Al estar de vacaciones
podíamos disfrutar desde la mañana temprano el movimiento de los extranjeros.
Yo los espiaba desde el dormitorio de mis padres cuya ventana daba a la calle,
tenía un mirador envidiable. Por la tarde me cruzaba al campamento que habían
levantado los nuevos y exóticos vecinos.
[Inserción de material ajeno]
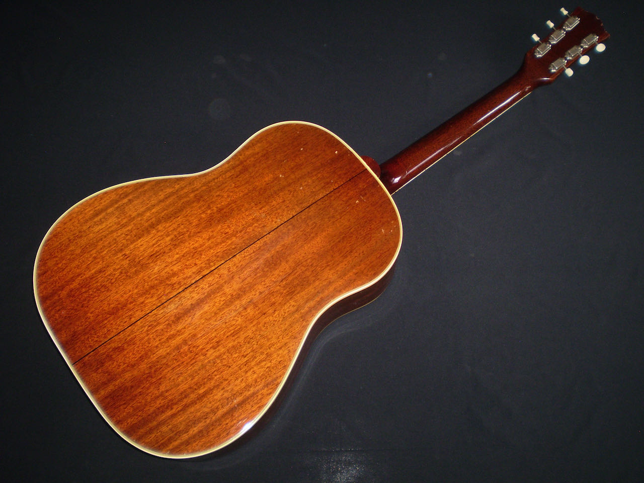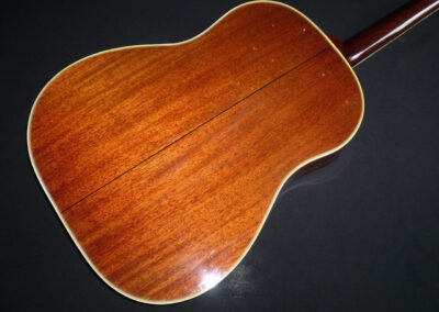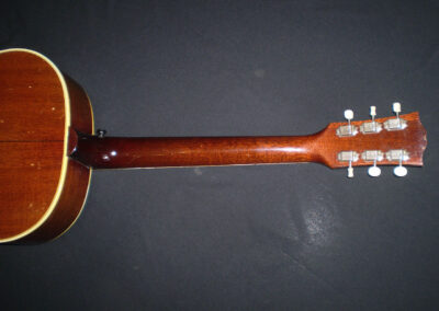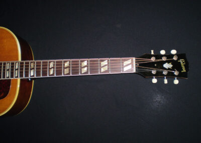 SOLD 60’s Gibson slope shouldered dreadnoughts are fantastic guitars, but the jump to a 50’s model is incredible, in fact I could run out of superlatives describing its sound. So let’s just say it’s everything you could want from a vintage Gibson, hugely versatile, well balanced with great resonance and clarity, capable of any style, and a truly inspirational guitar to play. It’s all about the balance between feel and tone. This Country Western is in excellent condition, the honeyed Spruce top contrasting beautifully with the tortoise pickguard. The neck feels full, and the Brazilian Rosewood fingerboard feels very responsive. There’s just the right amount of playwear, so you know it’s been played and loved in equal amounts. It has the very common repaired soundhole crack, plus a plugged jack socket on the lower rim. All in all a fine example of why Gibson dreadnoughts are so revered. Pick it up and you won’t want to put it down. The guitar has a K and K pickup fitted, and comes in a later Gibson hard case.

Antes de hacerlo arreglaba mi pelo con
más esmero y robaba un poquitín de perfume a mi madre, tenía doce años, los
chicos inmigrantes me parecían hermosos. Algunos eran introvertidos, otros más
sociables, nos fuimos haciendo amigos. Con las chicas de mi edad jugábamos a
las figuritas, cara o seca, y a las muñecas. Entre todos a la rayuela,
escondidas, mancha venenosa o “Farolera Tropezó”. Si por alguna causa no
cruzaba me llamaban _¡Rita...Rita! y yo
salía presurosa con mis figuritas, las trenzas recién hechas por mi mamá y el
corazón palpitante de ilusiones.
Predominaban españoles, vascos franceses y portugueses.
Los vascos eran los más bellos, los veía inalcanzables más aún cuando hablaban
un idioma tan diferente al nuestro. Cada familia vivía en grandes carpas pero
al poco tiempo comenzaron a construir sus propias casas sobre terrenos que el
gobierno les había adjudicado, cercanos a la plaza. Eran muy trabajadores y
hasta los niños colaboraban en la construcción de sus futuros hogares. ¡ Cómo
me cautivaba verlos en su rutina! Las mujeres lavaban la ropa en bateas y las
fregaban con cadenciosa energía mientras entonaban canciones de sus terruños.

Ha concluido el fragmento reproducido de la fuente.